Sunday, October 26, 2014
     

RETURNING HOME


AFTER A DISASTER

Returning to your home after a major disaster can be both dangerous and emotional. Use caution when going back to your home after you have been asked to evacute. Make sure that it is safe to travel through the areas between where you were sheltered and your home. Be prepared to have to adapt to certain changes to the area and possibly your home.

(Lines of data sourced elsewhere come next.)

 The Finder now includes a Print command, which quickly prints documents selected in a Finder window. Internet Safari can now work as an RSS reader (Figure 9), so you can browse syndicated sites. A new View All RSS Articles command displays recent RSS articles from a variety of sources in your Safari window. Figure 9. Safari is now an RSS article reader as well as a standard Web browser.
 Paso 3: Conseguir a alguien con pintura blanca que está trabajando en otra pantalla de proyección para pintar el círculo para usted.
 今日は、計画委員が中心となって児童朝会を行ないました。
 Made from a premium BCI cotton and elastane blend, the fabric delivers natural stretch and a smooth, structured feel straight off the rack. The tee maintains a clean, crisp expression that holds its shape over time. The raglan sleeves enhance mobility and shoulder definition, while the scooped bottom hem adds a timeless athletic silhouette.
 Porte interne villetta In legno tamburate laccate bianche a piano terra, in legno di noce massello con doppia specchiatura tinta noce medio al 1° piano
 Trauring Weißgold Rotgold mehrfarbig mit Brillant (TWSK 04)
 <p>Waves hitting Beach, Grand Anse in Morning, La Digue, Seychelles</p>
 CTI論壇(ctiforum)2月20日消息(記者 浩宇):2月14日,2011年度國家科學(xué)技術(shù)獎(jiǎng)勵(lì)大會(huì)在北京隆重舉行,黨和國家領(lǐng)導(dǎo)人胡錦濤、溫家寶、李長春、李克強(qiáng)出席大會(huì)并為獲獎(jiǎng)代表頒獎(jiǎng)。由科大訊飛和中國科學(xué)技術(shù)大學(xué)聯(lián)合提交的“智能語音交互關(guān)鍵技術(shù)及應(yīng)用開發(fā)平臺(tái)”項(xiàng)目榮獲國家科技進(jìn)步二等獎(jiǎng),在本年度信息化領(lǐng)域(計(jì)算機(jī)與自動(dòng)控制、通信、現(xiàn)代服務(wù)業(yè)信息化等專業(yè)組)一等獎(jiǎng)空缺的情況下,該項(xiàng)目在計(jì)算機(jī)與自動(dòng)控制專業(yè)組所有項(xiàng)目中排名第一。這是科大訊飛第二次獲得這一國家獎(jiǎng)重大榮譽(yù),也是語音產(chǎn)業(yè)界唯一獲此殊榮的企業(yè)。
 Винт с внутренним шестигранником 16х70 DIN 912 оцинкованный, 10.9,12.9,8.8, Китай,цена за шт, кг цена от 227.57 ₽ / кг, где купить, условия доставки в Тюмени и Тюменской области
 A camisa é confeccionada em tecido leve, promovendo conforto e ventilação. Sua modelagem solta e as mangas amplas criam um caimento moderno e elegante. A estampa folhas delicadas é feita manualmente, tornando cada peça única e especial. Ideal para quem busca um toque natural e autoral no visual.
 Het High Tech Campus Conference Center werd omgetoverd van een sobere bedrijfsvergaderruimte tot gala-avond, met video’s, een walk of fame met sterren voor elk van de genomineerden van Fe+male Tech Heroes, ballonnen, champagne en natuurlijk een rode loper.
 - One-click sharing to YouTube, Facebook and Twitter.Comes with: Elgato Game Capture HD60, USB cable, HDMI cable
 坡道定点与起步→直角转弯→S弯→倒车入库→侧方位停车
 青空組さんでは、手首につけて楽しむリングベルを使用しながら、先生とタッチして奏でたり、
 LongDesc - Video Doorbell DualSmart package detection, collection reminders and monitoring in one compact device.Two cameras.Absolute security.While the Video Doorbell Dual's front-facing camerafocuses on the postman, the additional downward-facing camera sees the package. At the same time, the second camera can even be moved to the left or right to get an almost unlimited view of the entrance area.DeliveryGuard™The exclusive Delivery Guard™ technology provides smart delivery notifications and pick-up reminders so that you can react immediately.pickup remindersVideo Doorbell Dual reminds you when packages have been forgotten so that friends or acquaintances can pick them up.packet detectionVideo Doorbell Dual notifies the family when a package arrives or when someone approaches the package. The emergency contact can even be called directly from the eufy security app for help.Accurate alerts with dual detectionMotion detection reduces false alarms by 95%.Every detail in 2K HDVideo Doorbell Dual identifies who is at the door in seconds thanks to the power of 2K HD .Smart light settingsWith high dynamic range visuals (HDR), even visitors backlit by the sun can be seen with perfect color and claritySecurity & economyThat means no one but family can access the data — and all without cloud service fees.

  • Turn on the radio or TV for any updates on the situation.
  • Provide any first aid that you can to injured or trapped people that may be in the area
  • Do not use telephones unless it is an emergency.
  • Wear heavy clothing and sturdy shoes to protect yourself.
  • Do not use food that may be spoiled if the power was off for some time. Do not eat or drink anything that has had any contact with flood water.
  • Extinguish all open flames.
  • Check for gas leaks, if not already turned off at the direction of local officials.  If you smell gas, turn off the main valve, open the windows and leave the house.
  • Check for water leaks,if not already turned off at the direction of local officials. If water leaks are suspected, shut off the water at the main water valve.
  • If instructed to do so by local officials, shut off utilities. Always have utilities turned back on by a professional.
  • Look for electrical system damage. If there is damage to the electrical system, turn off the system at the main circuit breaker or fuse box.
  • Check electrical appliances.
  • Investigate outbuildings. Be careful when entering a damaged building. Stay away from fallen or damaged electrical wires. Use a flashllight to inspect damage. Do not carry lanterns or torches that could start a fire.
  • Check to make sure the sewage lines are intact before flushing the toilet.
  • Check house, roof and chimney for structural damage.
  • Open closets and cupboards carefully.
  • Clean up spilled medicines, bleaches, gasoline or other flammable liquids immediately.
  • Don't drive unless absolutely necessary. Stay off the roads so that emergency workers can move quickly. Stay out of their way as they work.
  • Clear away any debris that may be obstructing fire hydrants so the fire department has easy access to it.
  • Keep listening to radio or TV for news about what to do, where to go, what places are dangerous due to fallen trees, unsafe bridges etc. Listen for the possiblity of another tornado, more flooding etc.
  • Don't ration water. A normally active person needs at least two quarts of water daily and up to twice that amount in hot weather. Drink what you need and keep looking for more. Don't drink floodwater, water from waterbeds or any water that has a dark color or odor to it. You can use water from the tank of your toilet, pipes, ice cube trays or your hot water tank. You can collect rainwater and water from streams, rivers, ponds, lakes and natural springs. Be sure to boil any water you drink or use for cooking.
  • If your stove isn't working you can cook in a fireplace (if the chimney isn't damaged), candle warmers, chafing dishes or fondue pots. Charcoal grills and camp stoves should only be used outdoors. Do not build a fire inside a carport, a fire can send sparks into the roof and start a house fire.
  • If you heat canned food be sure to take off the paper label and open the can first.
  • Use up perishable food from the refrigerator first and then the freezer.
  • Assume all wires lying on the ground are dangerous and don't touch.
  • Floodwater, even as little as six inches of water can sweep you off your feet.
  • Disease carrying animals and poisonous snakes may be homeless also. Avoid putting your hands or feet under debris where an animal may be hiding. Wear boots and heavy pants when clearing out debris.
  • Disasters can bring out looters and con artists. Be wary of people who offer to help if you don't know them, they are not of the community or of a well known organization. If your house is looted notify the police.
  • Keep an eye on children. Dangerous items in your house may have been knocked out of their usual places and could get into children's hands.
  • Make necessary immediate repairs to prevent further damage.
  • Maintain as much of a normal routine as possible. Make sure your child gets to school (if it's open) and keeps up with homework. Have meals together as a family. Find time to be together. List important jobs and chores to get done, check them off your list as they are done. As you return to familiar routines, you'll start to feel
  • that life is returning to normal once again.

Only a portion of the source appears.